ОДНА ЗАБОТА И ОДНА ЛЮБОВЬ

...Молодые парни азартно спорили о проблемах строитель­ства в Сургуте, Новом Уренгое, Тобольске. Они говорили о ты­сячах метрах пробуренных нефтяных скважин, о газопроводах, об открытых на Ямале месторождениях нефти и газа. Обсуж­дали, какие названия давать улицам в юных городах, что под­нялись за Уралом, в "тайге, в тундре — в местах, которые сов­сем недавно считались непригодными для жизни.

По разговорам парней можно было принять за строителей, геологов, нефтяников. Но на дверях комнаты, в которой собра­лись они, висела табличка: «Тюменское отделение Союза писателей РСФСР», и эти парни — по-другому назвать их про­сто не могу из-за молодости — были тюменскими литератора­ми. Прозаиками, поэтами, очеркистами.

И в их голосах — как и в жизни их — присутствовала та страсть, которая характеризует, пожалуй, всех тюменцев. Жителей той области, нефтегазоносной провинции, которая провинцией себя не считает, потому что именно здесь в счи­танные годы, говоря сухим экономическим языком, была соз­дана основная энергетическая база страны.

Один из присутствующих рассказывал о своей последней командировке, как он сопровождал по Северному морскому пу­ти, по Обской губе, Оби, Иртышу уникальное оборудование для строящегося в Тюменской области Тобольского нефтехи­мического комбината. Правда, не в качестве журналиста или писателя, а как инженер отдела комплектации комбината, ко­торый в скором времени должен стать флагманом советской нефтехимии. Может, поэтому он больше говорил не о добыче нефти и газа, а об их переработке. Потому что с вводом в строй ТНХК, так сокращенно называют в стране Тюмении То­больский нефтехимкомбинат, область должна стать не только нефтегазодобывающей, но и нефтегазоперерабатывающей.
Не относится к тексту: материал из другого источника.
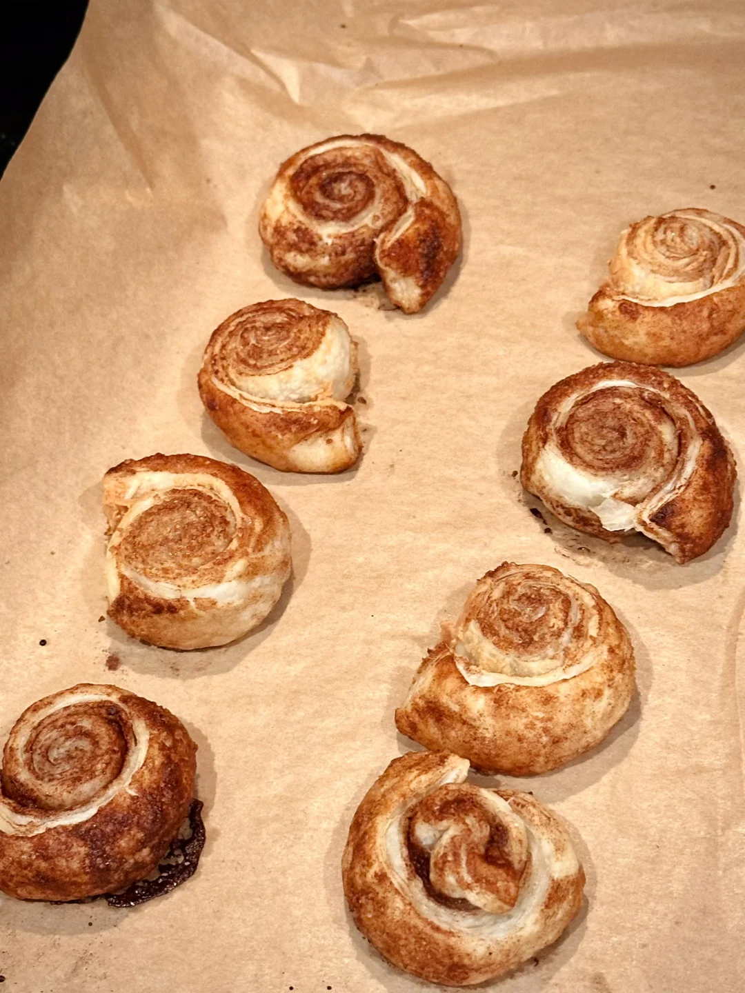 所有肉桂卷胚切面朝上,放在铺了油纸的烤盘上,记得每块之间有一点间隔,烤箱365F烤12分钟左右,就完成啦!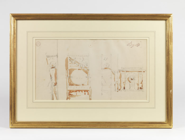 A fine quality, early twentieth century drawing in pencil with reddy brown wash of ‘Three Studies for Furniture Designs’ by Carlo Bugatti (Italian, 1856-1940). This work on paper bears a stamp of the artist’s signature ‘Bugatti’.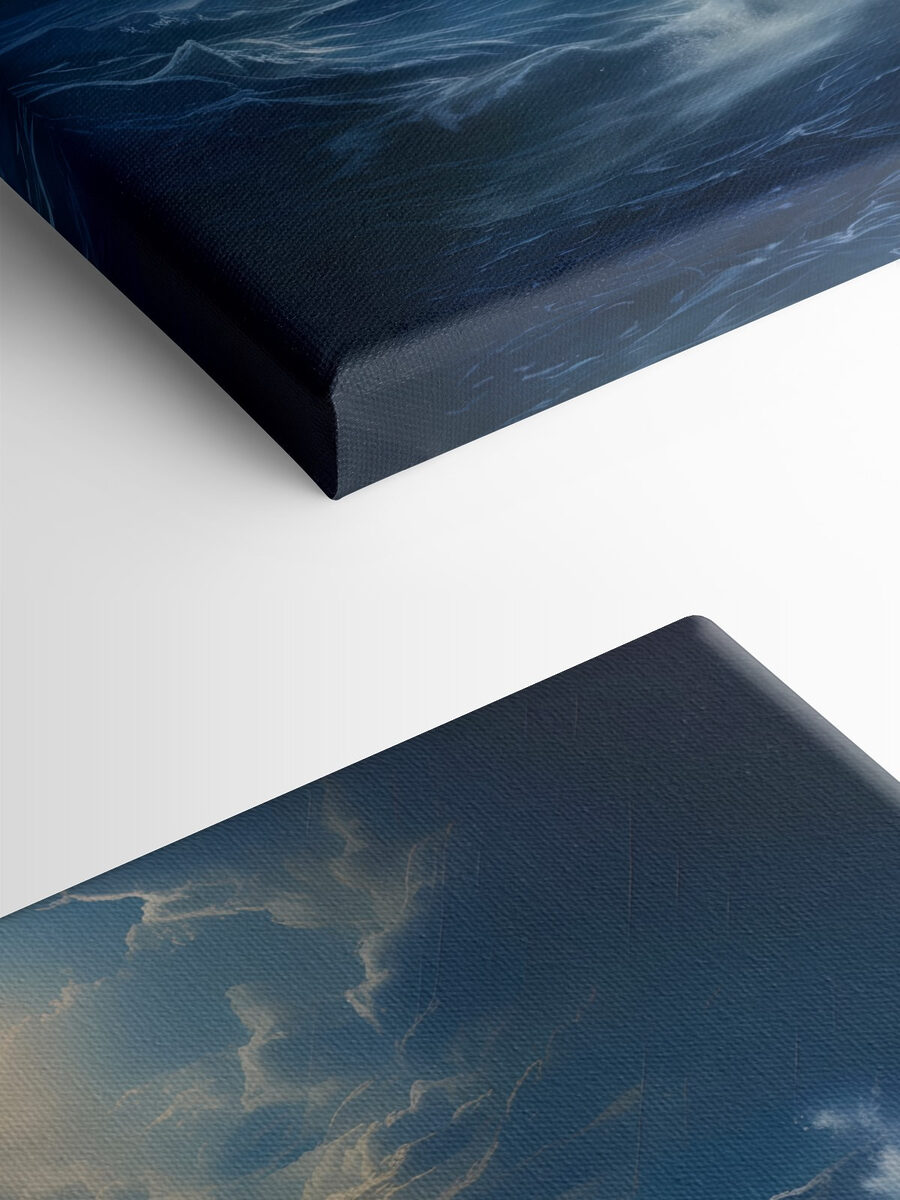 Aduceți un pic de misticism în spațiul dvs. cu această impresionantă imprimare pe pânză a unei figuri stând în apă, scăldată în strălucirea luminii lunii. Imaginați-vă seninătatea unei seri liniștite la malul mării, cu valurile blânde lovindu-vă picioarele în timp ce priviți în imensitate. Această operă de artă surprinde perfect acel moment – este ca un memento blând pentru a te opri și a reflecta. Albastrul bogat și norii moi creează o atmosferă de vis care invită la gânduri liniștite. Agățați-o și lăsați-o să stârnească conversații, să evoce emoții sau pur și simplu să servească drept fundal fermecător pentru serile dvs. confortabile. Cine nu s-ar simți puțin inspirat uitându-se la asta? O atingere minunată pentru orice cameră, care aduce natura și un strop de aventură chiar în casa dvs.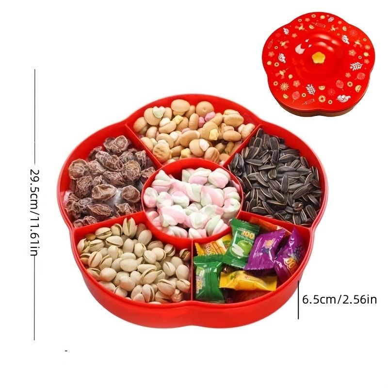 Home > 1pc Candy Storage Box Fruit For Chinese New Year; Nuts Tray With Lid; Snacks Organizer Food Container; Spring Festival Desktop Decor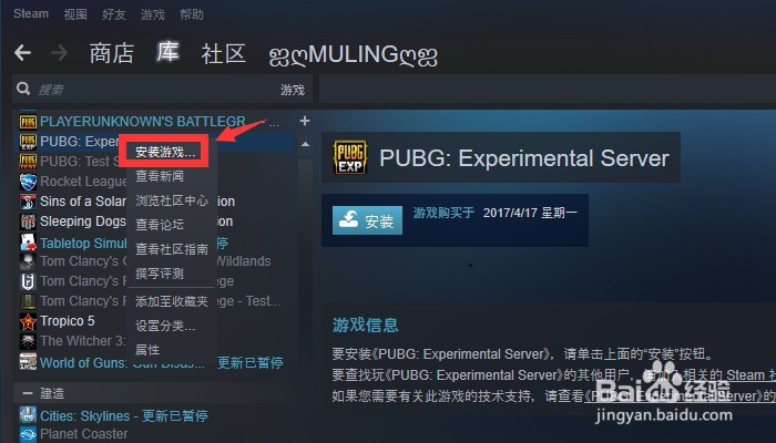 五、我们从自己的“库”中找到游戏所在,右击它选择“安装游戏”。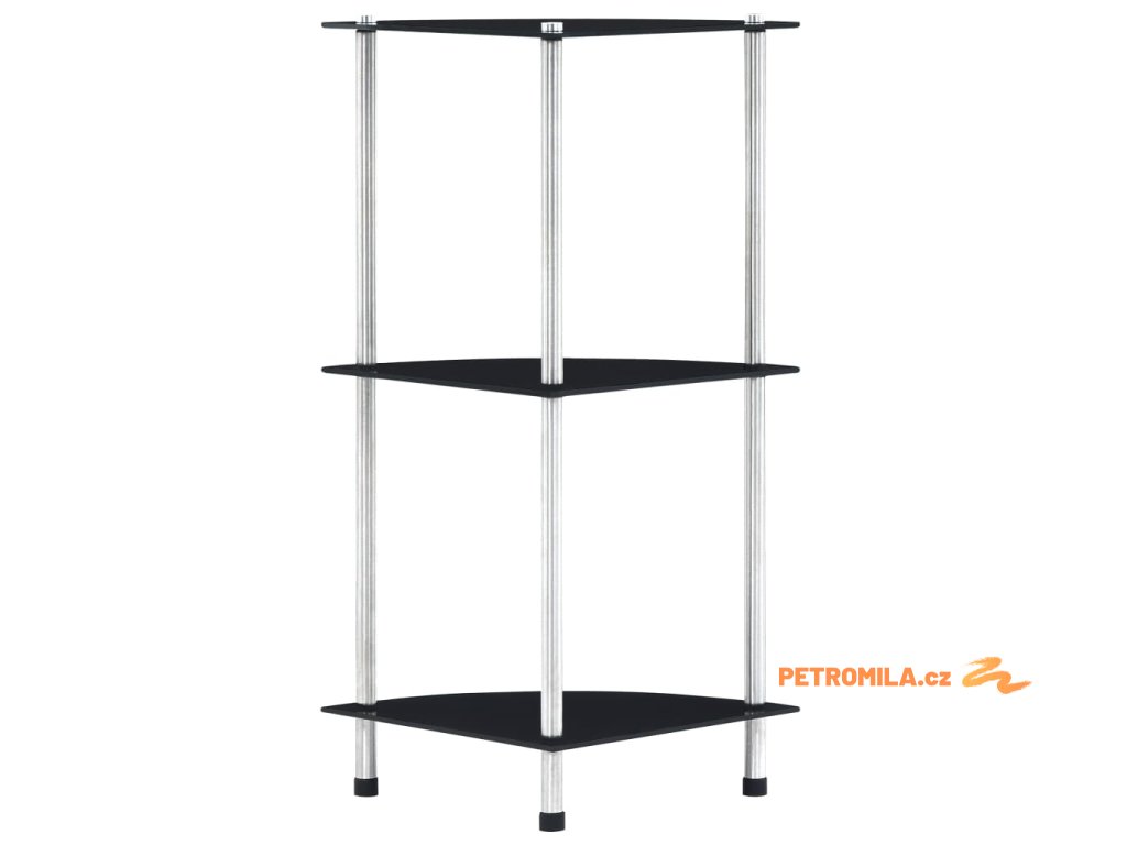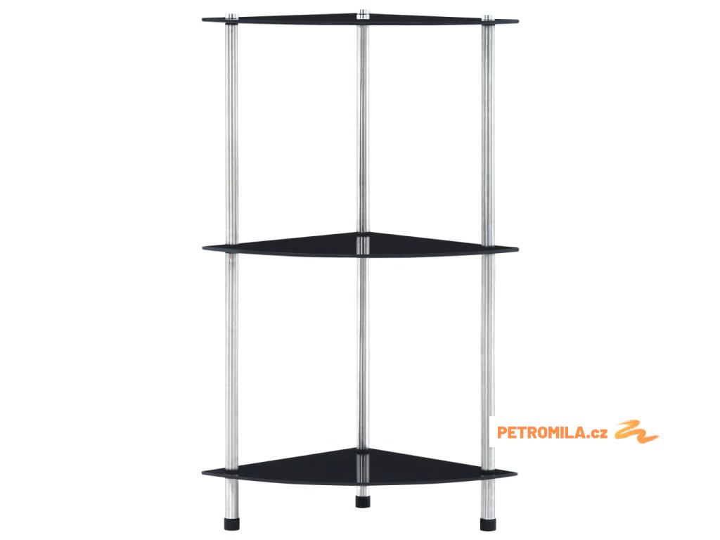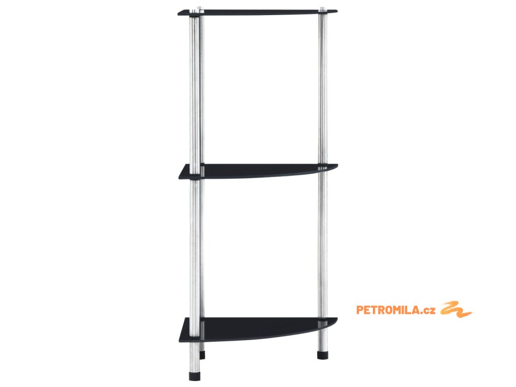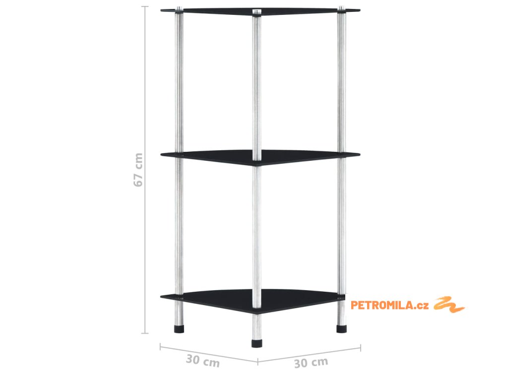 3patrová police černá 30 × 30 × 67 cm tvrzené sklo

Это был выпускник Литературного института имени А. М. Горького, инженер Тобольского нефтехимкомбината Юрий Надточий.

Биография его проста и коротка, в четыре строчки, навер­ное, уложится. Родился в 1944 году в Подмосковье в семье военнослужащего, учился в медицинском институте (Литера­турный был уже потом), служил в армии, работал. Прежде чем попасть на тюменскую землю, трудился в Вологодской и Ар­хангельской областях... Вот, пожалуй, и все.

Интересен опыт работы Тюменской писательской органи­зации с молодыми литераторами. После окончания Литинститу- та их — а молодых литераторов здесь несколько — направля­ют на комсомольско-молодежные стройки области. С первым комсомольским отрядом имени Н. Островского, в Тобольске его назвали «корчагинским*, приехал на строительство ТНХК и Юрий Надточий. Чтобы с первых шагов, с первого куба выну­того грунта, с первого колышка вести летопись стройки, одной из крупнейших в стране.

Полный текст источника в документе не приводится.